• [Task details]:
Would you return the data exactly as given, except for its pictures?

• [Records to use]:
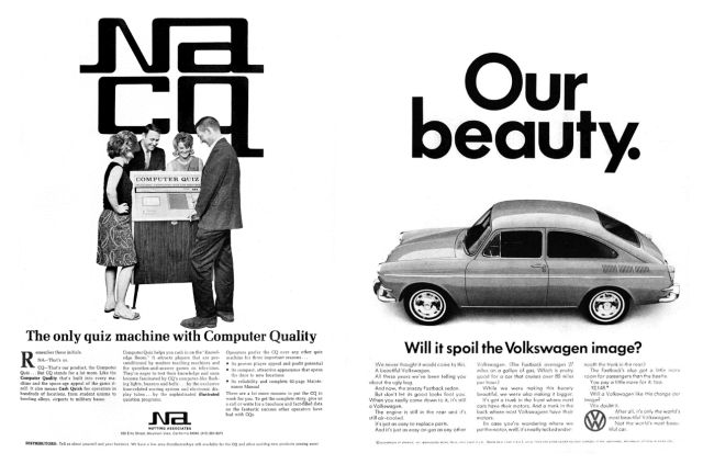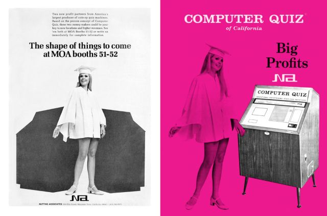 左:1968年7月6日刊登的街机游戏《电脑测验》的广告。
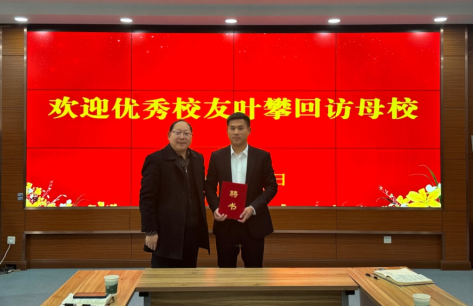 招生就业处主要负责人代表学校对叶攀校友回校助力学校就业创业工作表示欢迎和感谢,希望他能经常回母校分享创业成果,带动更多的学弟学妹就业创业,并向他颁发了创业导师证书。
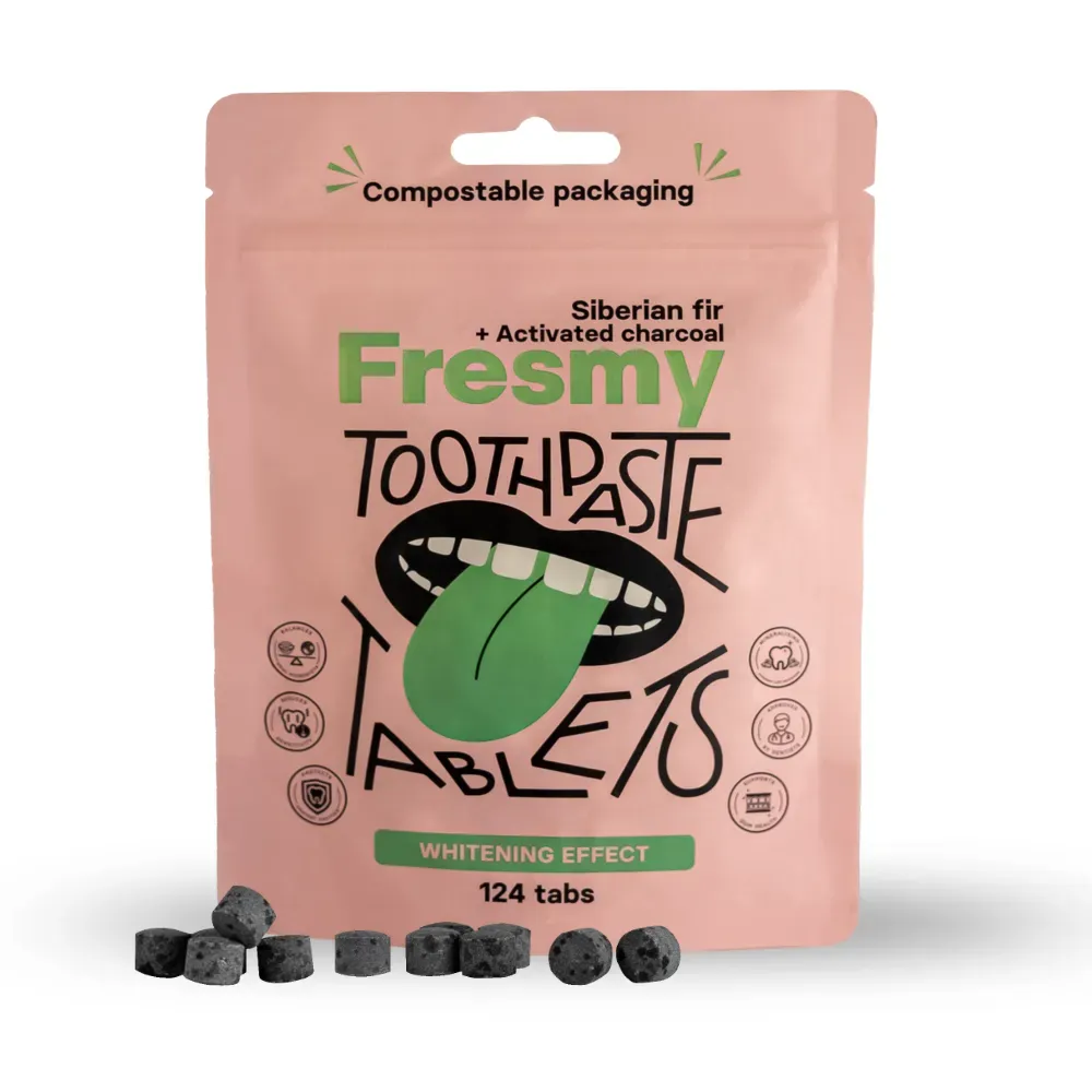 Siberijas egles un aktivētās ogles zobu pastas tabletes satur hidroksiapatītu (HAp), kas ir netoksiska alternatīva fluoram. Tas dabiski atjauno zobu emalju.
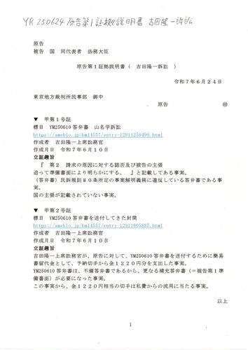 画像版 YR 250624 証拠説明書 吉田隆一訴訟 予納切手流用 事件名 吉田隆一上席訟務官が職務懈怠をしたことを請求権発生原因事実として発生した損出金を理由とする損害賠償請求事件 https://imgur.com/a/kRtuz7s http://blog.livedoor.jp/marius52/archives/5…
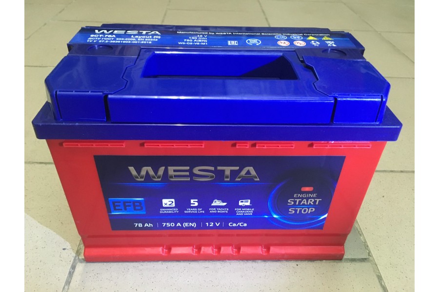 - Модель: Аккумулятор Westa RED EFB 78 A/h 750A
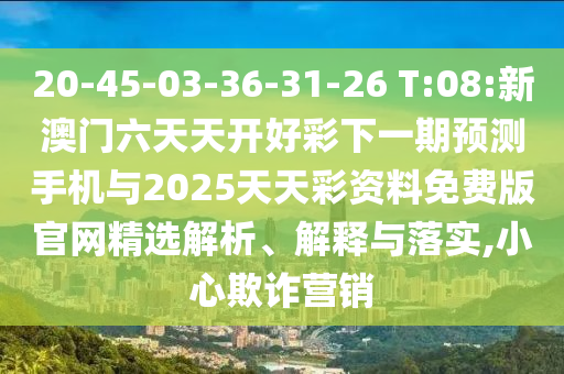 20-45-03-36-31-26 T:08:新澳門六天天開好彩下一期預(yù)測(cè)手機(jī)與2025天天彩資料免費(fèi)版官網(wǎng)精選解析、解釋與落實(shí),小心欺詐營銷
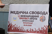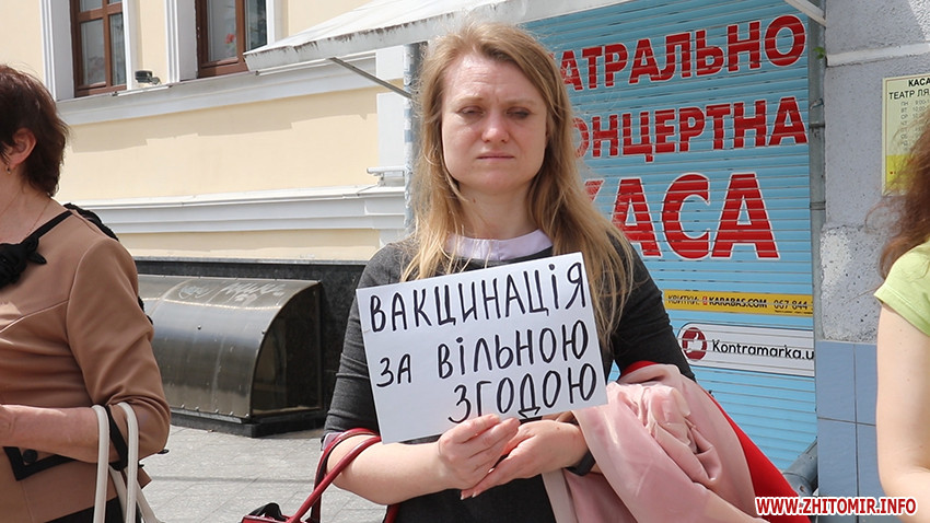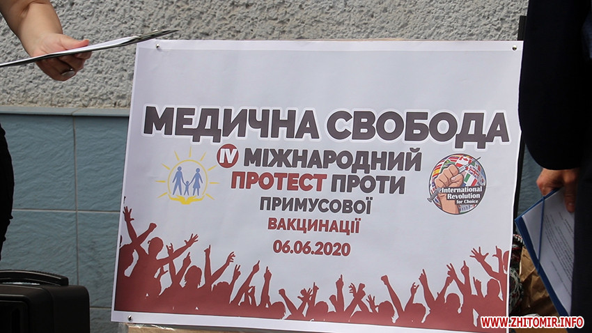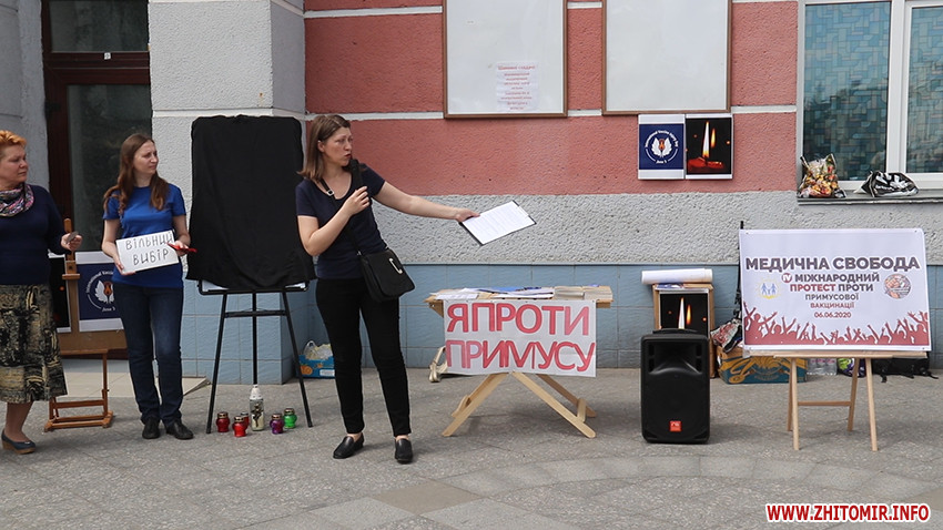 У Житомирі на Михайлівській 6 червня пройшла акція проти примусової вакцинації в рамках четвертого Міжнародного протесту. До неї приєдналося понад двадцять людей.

• [Task response]:
 左:1968年7月6日刊登的街机游戏《电脑测验》的广告。
 招生就业处主要负责人代表学校对叶攀校友回校助力学校就业创业工作表示欢迎和感谢,希望他能经常回母校分享创业成果,带动更多的学弟学妹就业创业,并向他颁发了创业导师证书。
 Siberijas egles un aktivētās ogles zobu pastas tabletes satur hidroksiapatītu (HAp), kas ir netoksiska alternatīva fluoram. Tas dabiski atjauno zobu emalju.
 画像版 YR 250624 証拠説明書 吉田隆一訴訟 予納切手流用 事件名 吉田隆一上席訟務官が職務懈怠をしたことを請求権発生原因事実として発生した損出金を理由とする損害賠償請求事件 https://imgur.com/a/kRtuz7s http://blog.livedoor.jp/marius52/archives/5…
 - Модель: Аккумулятор Westa RED EFB 78 A/h 750A
 20-45-03-36-31-26 T:08:新澳門六天天開好彩下一期預(yù)測(cè)手機(jī)與2025天天彩資料免費(fèi)版官網(wǎng)精選解析、解釋與落實(shí),小心欺詐營銷
 У Житомирі на Михайлівській 6 червня пройшла акція проти примусової вакцинації в рамках четвертого Міжнародного протесту. До неї приєдналося понад двадцять людей.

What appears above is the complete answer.